Comments:By: Asterisk Team (asteriskteam) 2020-05-14 07:29:00.954-0500

Thanks for creating a report! The issue has entered the triage process. That means the issue will wait in this status until a Bug Marshal has an opportunity to review the issue. Once the issue has been reviewed you will receive comments regarding the next steps towards resolution.

A good first step is for you to review the [Asterisk Issue Guidelines|https://wiki.asterisk.org/wiki/display/AST/Asterisk+Issue+Guidelines] if you haven't already. The guidelines detail what is expected from an Asterisk issue report.

Then, if you are submitting a patch, please review the [Patch Contribution Process|https://wiki.asterisk.org/wiki/display/AST/Patch+Contribution+Process].

Please note that once your issue enters an open state it has been accepted. As Asterisk is an open source project there is no guarantee or timeframe on when your issue will be looked into. If you need expedient resolution you will need to find and pay a suitable developer. Asking for an update on your issue will not yield any progress on it and will not result in a response. All updates are posted to the issue when they occur.

By: Martin Nyström (martin.nystrom) 2020-05-14 07:30:04.118-0500

4.2G core-asterisk-running-2020-05-14T12-09-57+0000
464K core-asterisk-running-2020-05-14T12-09-57+0000-brief.txt
1.7M core-asterisk-running-2020-05-14T12-09-57+0000-full.txt
4.0K core-asterisk-running-2020-05-14T12-09-57+0000-locks.txt
4.0K core-asterisk-running-2020-05-14T12-09-57+0000-thread1.txt

By: Joshua C. Colp (jcolp) 2020-05-14 07:39:51.328-0500

You are using pbx_realtime which has locking issues and can cause a deadlock. This results in other threads getting blocked, such as the chan_sip thread which handles UDP traffic. It is highly recommended to not use pbx_realtime.

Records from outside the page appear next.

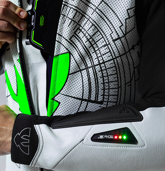 Kombinéza se zabudovaným airbagem TECH-AIR®. Nejvyšší stupeň ochrany! Systém pracuje elektronicky na základě softwaru ACU (Airbag Control Unit), který vyhodnocuje nebezpečnou situaci pro jezdce a v případě ohrožení se aktivuje. Výhodou je, že nejste k motocyklu připoutání žádným lankem. Dalším plusem elektronického řízení je, že nemusíte být na signálu, který vyžadují systémy s napojením na GPS. Airbag chrání v rozsahu 360° horní části těla. Zpevní ramena, hrudník, horní část břicha, záda a oblast ledvin. Kombinéza RACING GRID je pro airbag TECH-AIR® konstrukčně upravena a dodává se včetně kompletního systému. Je určena zejména na závodní tratě, proto je v základním vybavení veškerá racingová výbava. Obrovskou výhodou je, že Airbag TECH-AIR® lze konfigurovat z módu RACE (pro závody) do módu STREET (na cestu). Má dvě bombičky, v případě nehody na cestě se aktivují obě najednou a naplní se do neuvěřitelných 25 ms. Na závodní trati se plní nejprve jedna a po té vám zůstává ještě jedna možnost ochrany. Zvyšte svou bezpečnost na cestách, jezděte s airbagem!
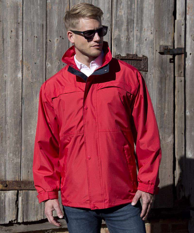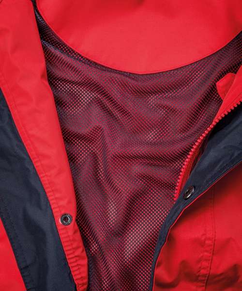 Taped seams and twin needle stitched seams. Concealed hood in collar. Full front zip fastening. 2 side pockets, 1 chest pocket and 1 inside phone pocket. Elasticated cuffs with tear release adjusters. Adjustable shockcord hem and stud closing storm flap. Contrasting colour mesh lining. Contains recycled material.Decoration Guidelines:Decorating methods: Embroidery & Transfer print Decorators access point: Concealed Inner back zip.
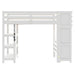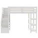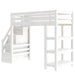 Full Size Loft Bed With 4 Layer Shelves, Storage Staircase, Small Wardrobe, LED Light - White
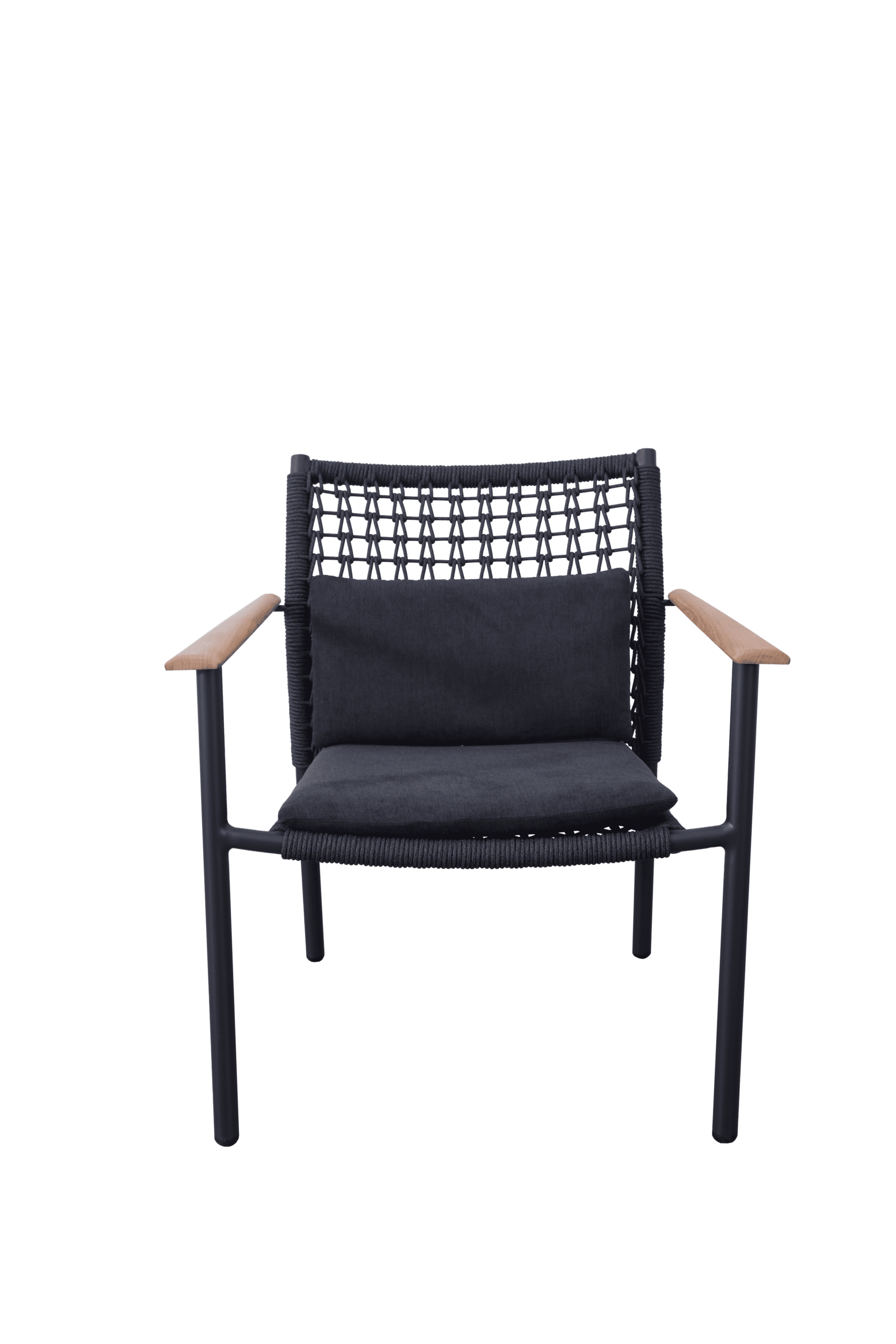 The seat and backrest are woven with weather-resistant rope, delivering a stylish texture and excellent durability against the elements. For added comfort, the seat is equipped with a water-repellent cushion featuring a convenient zip closure for easy cleaning.
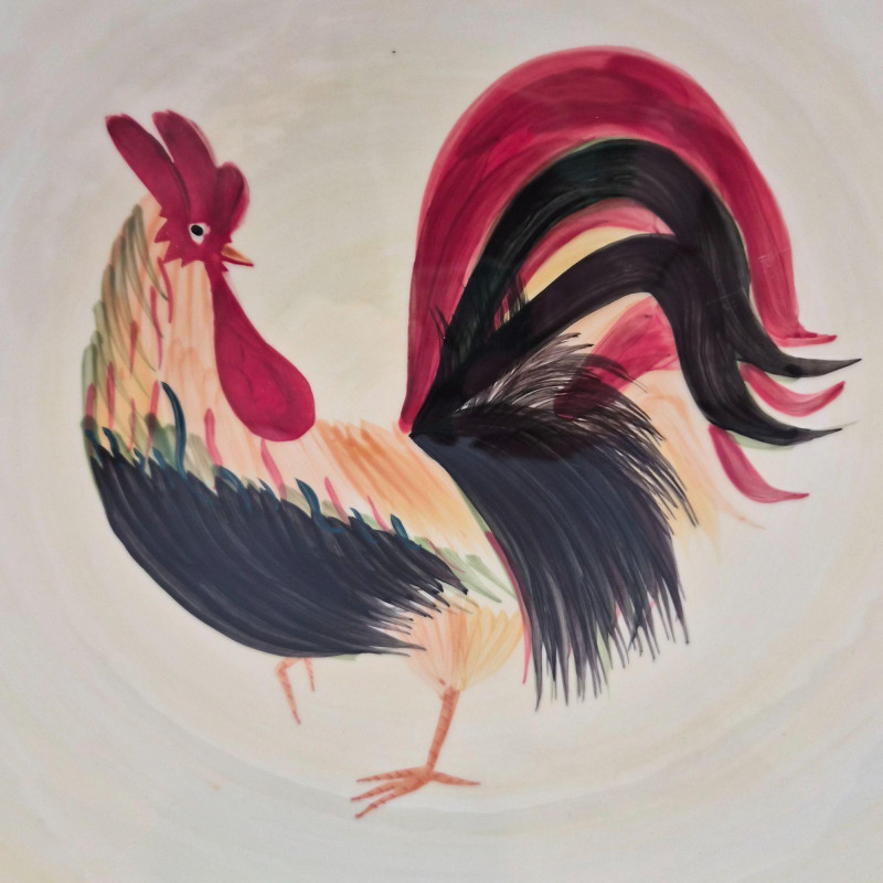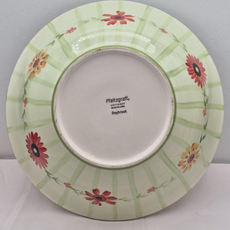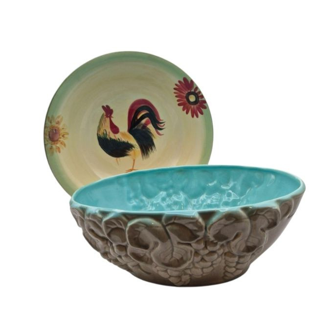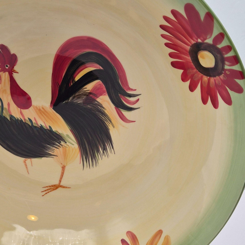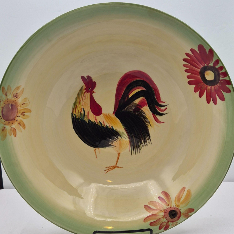 A large 14" x 4" ceramic bowl featuring the Daybreak pattern with its signature rooster and floral motif. The wide, shallow form makes it ideal as a table centerpiece, fruit bowl, or rustic décor accent.
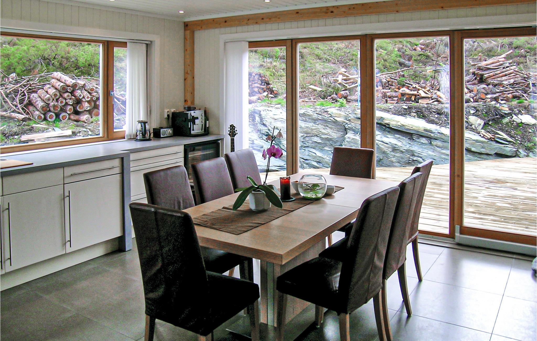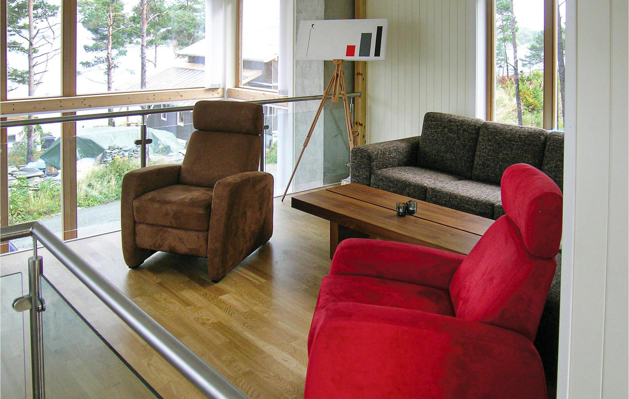 Modernes Ferienhaus in Mosterhamn, nur 50 m vom Fjord gelegen, welcher prima Verhältnisse zum Angeln und Tauchen anbietet. Es stehen Ihnen eine sonnige Terrasse, ein großer Gasgrill, Tube und Wasserski zur Verfügung. 2 Golfplätze in der Nähe. Schönes Wandergebiet mit der Spitze Siggjo (474 M.ü.N.N.). Mehrere Sehenswürdigkeiten in der Region, u.a. Mosterhamn mit der Alten Moster Kirche und Moster Amfi. Besuchen Sie Leirvik (20 Automin.) mit dem Heimatmuseum, Fußgängerzone und Restaurants. Nach 45 Autominuten erreichen Sie die Stadt Haugesund. Sonst empfehlen wir eine Tagesausflug nach Bergen sowie eine Rundfahrt durch Hardanger.
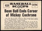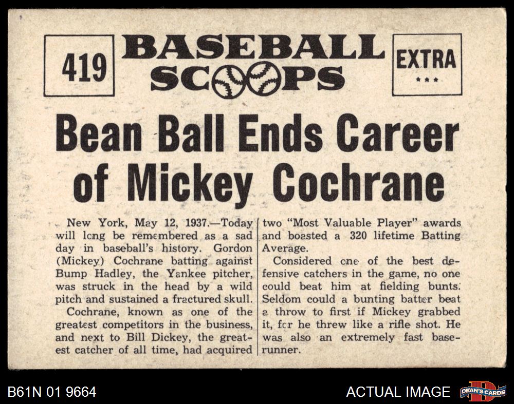 1961 Nu-Card Scoops #419 Bean Ball Ends Career
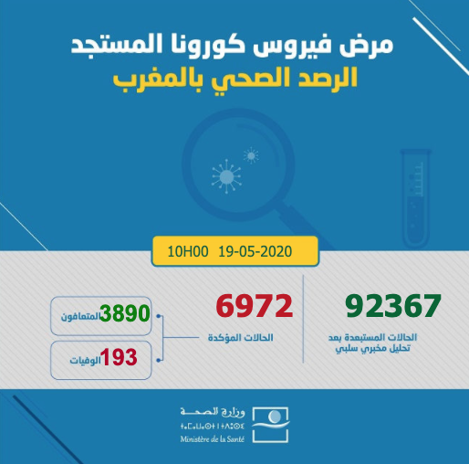 ارتفع عدد الإصابات بفيروس كورونا في المملكة المغربية اليوم الثلاثاء 19 ماي 2020، إلى حدود الساعة العاشرة صباحا، إلى 6972 حالة، حيث أفادت معطيات وزارة الصحة الرسمية تسجيل زيادة ب 20 حالة جديدة، ليرتفع إجمالي الإصابات التي تم تسجيلها إلى 6972 حالة مؤكدة.
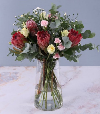 A Protea flower bouquet is a bold and exotic choice, symbolizing transformation, resilience, and beauty. With its striking appearance and unique shape, Protea adds a dramatic flair to any arrangement, making it perfect for special occasions or as a statement gift. Its vibrant colors and distinctive look represent strength and courage, making it a memorable floral offering.
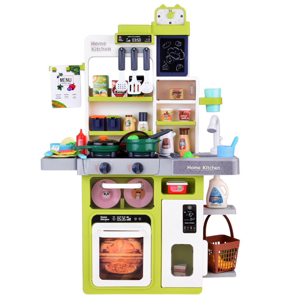 Interaktivní kuchyňka se světly, zvuky, pohyblivými a otevíratelnými realistickými prvky, díky kterým se děti mohou cítit jako skuteční kuchaři. Integrovaná tabule na poznámky umožňuje dítěti psát nebo kreslit křídou. recepty. Hodiny s pohyblivými ručičkami se nacházejí na vrchu kuchyně a pomáhají dětem naučit se určovat čas. Celá sada obsahuje 63 kusů různého náčiní - hrnce, příbory, nádobí, jídlo, talíře, spotřebiče a mnoho jiného příslušenství. Kuchyňka má robustní konstrukci a precizní zpracování. Napájení: 3 x 1,5 V AA baterie (nejsou součástí balení). Rozměry: 80 x 56 x 22 cm. Materiál: plast. Věk: 3+.
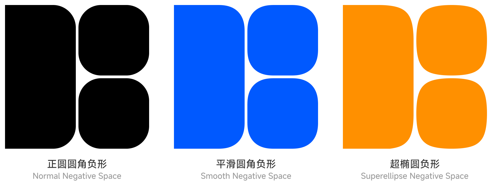 我们不仅仅一味追求圆角的平滑度, 而是尽可能保证在系统内的任何使用场景中都能与其他元素配合达到整体视觉协调。 一圆角矩阵排列时所呈现的负形空间为例。 如果只是单纯地追求圆角平滑度, 拥有完美解析式的超椭圆将会是更好的选择, 因为它很显然满足无穷阶曲率连续。
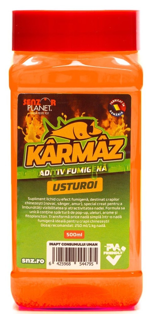 <h4>Aditiv SENZOR Karmaz, Novac Usturoi, 500ml</h4><p><br>Supliment lichid cu efect fumigena, destinat crapilor chinezești (novac, sanger, amur), special creat pentru a imbunatati vizibilitatea si atractivitatea nadei. Formula sa unica conține spartura de pop-up, uleiuri, arome și fitoplancton. Transforma orice nada simpla intr-o nada fumigena ideala pentru crapii chinezesti.</p><p><br></p><ul><li>Tip: aditiv</li><li>Producator: Senzor</li><li>Model: Kamaz</li><li>Nu topeste materialele PVA</li><li>Efect de nor</li><li>Atractie ridicata</li><li>Aroma: Novac Usturoi</li><li>Culoare: portocaliu</li><li>Mod de ambalare: 500ml</li></ul><p></p><p></p>
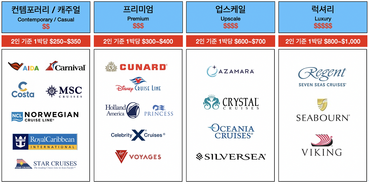 크루즈 라인의 등급별 기본 사양 및 특징은 다음과 같다.
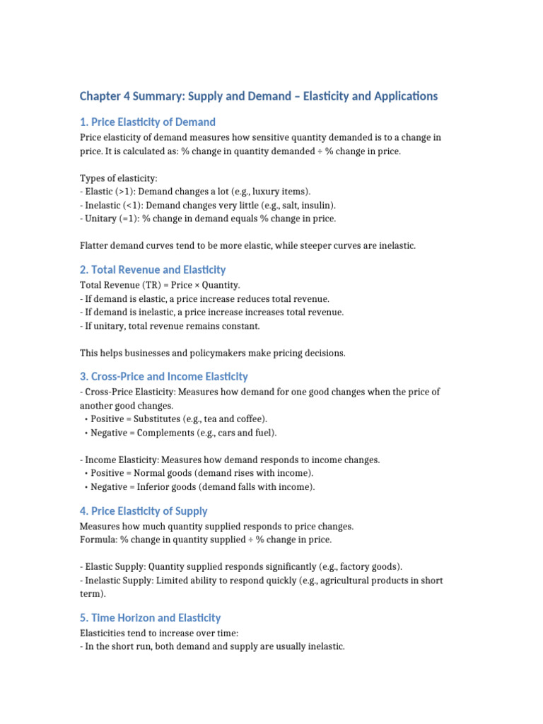 Chapter 4 Summary Elasticity Samuelson | PDF | Elasticity (Economics ...
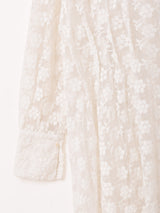 上品な花柄のレース生地で仕立てられた長袖ドレス。首の開いた襟元やキュッと絞ったカフスが、華やかなで女性らしい印象を与えてくれます。大胆な透け感で、様々なレイヤードコーディネートに馴染んでくれる一着です。
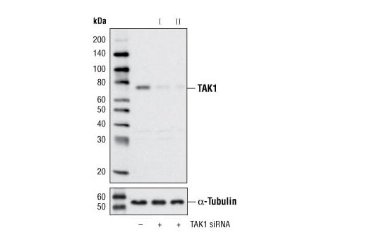 CST recommends transfection with 100 nM SignalSilence® TAK1 siRNA I 48 to 72 hours prior to cell lysis. For transfection procedure, follow protocol provided by the transfection reagent manufacturer. Please feel free to contact CST with any questions on use.
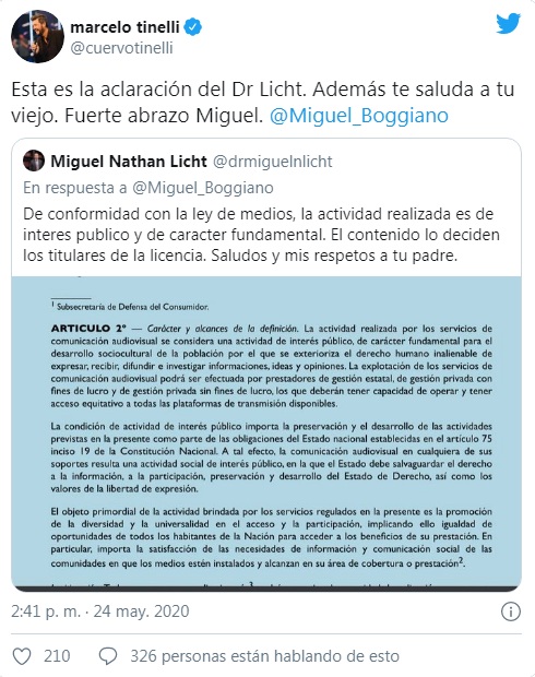 Aunque todavía el conductor no se expidió al respecto, sí le contestó al economista Miguel Ángel Boggiano, que realizó una comparación similar: "La justicia no es una actividad esencial, pero Tinelli sí. Cerremos el país".
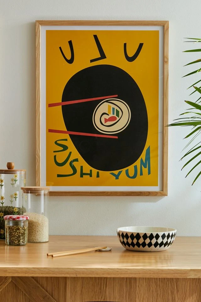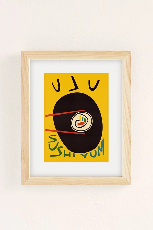 Art print by Fox And Velvet featuring a character eating a sushi roll. Printed on archival paper made from cotton pressed in Italian mills, this high-quality art print is available in sizes and frames just right for your space. First select your frame (or go frameless), then select your size.

By: Martin Nyström (martin.nystrom) 2020-05-14 07:41:24.628-0500

Do we know pbx_realtime is the cause or was it just a wild guess?

By: Asterisk Team (asteriskteam) 2020-05-14 07:41:24.949-0500

This issue has been reopened as a result of your commenting on it as the reporter. It will be triaged once again as applicable.

By: Joshua C. Colp (jcolp) 2020-05-14 08:00:43.761-0500

I analyzed the backtrace. A channel is deadlocked while trying to stop autoservice as a result of pbx_realtime being in use, same as in ASTERISK-21228. Other threads are iterating through the channel container which requires locking the channel that is deadlocked, they then become deadlocked as they wait for the lock. If pbx_realtime were not in use, autoservice would not be in use, the code path would not be executed, the deadlock would not occur.